Indulge in the heavenly combination of tangy citrus flavors and velvety smooth texture in this vegan, low-fat cheesecake. Each bite will transport your taste buds to a blissful state of creamy deliciousness.
ingredients
- 2 cups graham cracker crumbs
- 1/4 cup melted coconut oil
- 1 1/2 cups raw cashews, soaked and drained
- 1/2 cup fresh lemon juice
- 1/2 cup pure maple syrup
- 1 tablespoon vanilla extract
- 1/4 teaspoon salt
- 1/2 cup full-fat coconut milk
- Zest of 1 lemon
- Zest of 1 orange
- Fresh fruit slices, for garnish (optional)
steps
- 1.
Preheat your oven to 350°F (175°C) and lightly grease a 9-inch springform pan.
- 2.
In a bowl, mix the graham cracker crumbs and melted coconut oil until well combined. Press the mixture into the bottom of the prepared pan to form the crust.
- 3.
In a blender, combine the soaked cashews, lemon juice, maple syrup, vanilla extract, salt, coconut milk, and lemon zest.

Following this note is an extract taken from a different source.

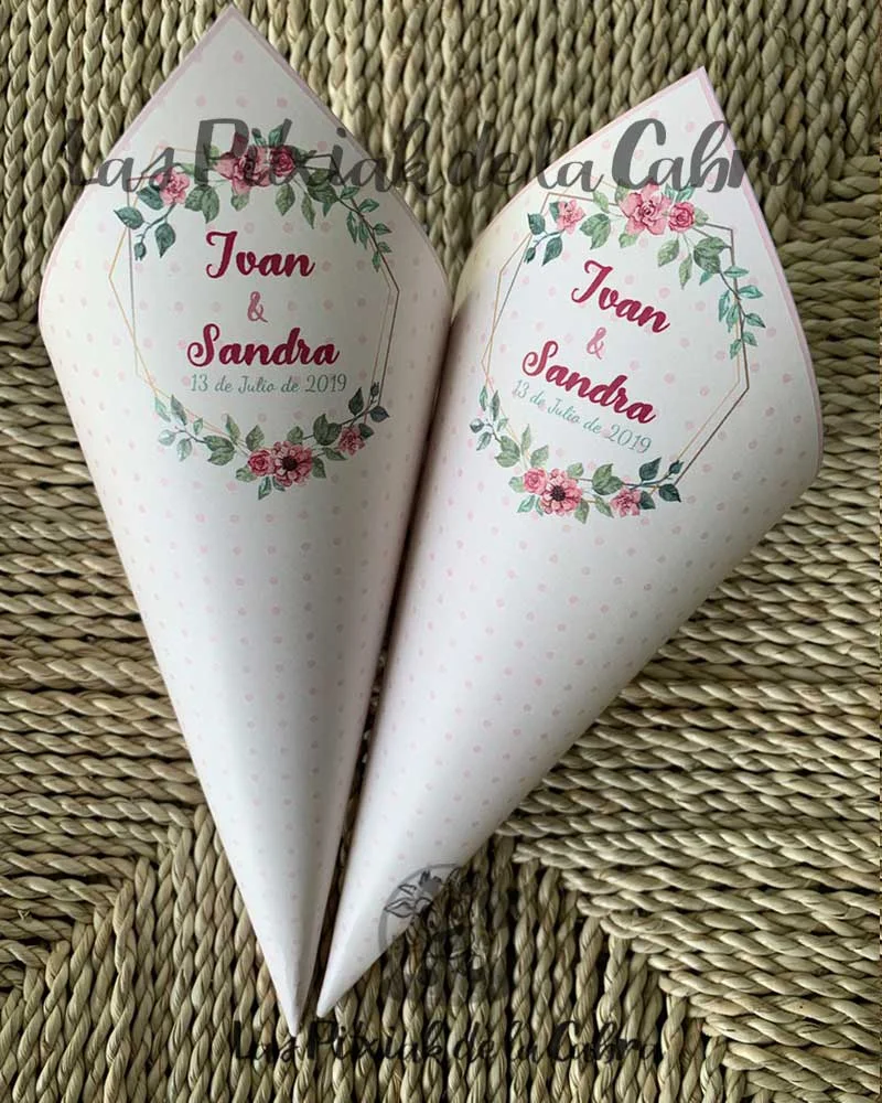 Los conos para pétalos son conos grandes de aproximadamente unos 20 cm. y van impresos en papel de 300 gramos. Los enviamos completamente montados, listos para colocar donde queráis ponerlos. Los conos son ideales para llenar de pétalos para tirar en la ceremonia, pero también podéis llenarlos de confeti, arroz o para pueden valer para vuestra mesa dulce.

Blend until smooth and creamy.
- 4.
Pour the cheesecake filling over the prepared crust and smooth the top with a spatula.
- 5.
Bake for 25-30 minutes or until the edges are set and the center is slightly jiggly.
- 6.
Remove from the oven and let it cool at room temperature for 30 minutes, then transfer to the refrigerator and chill for at least 4 hours, or overnight for best results.
- 7.
Once chilled, carefully remove the sides of the springform pan. Garnish with orange zest and fresh fruit slices, if desired.
- 8.
Slice and serve the creamy citrus bliss cheesecake chilled. Enjoy!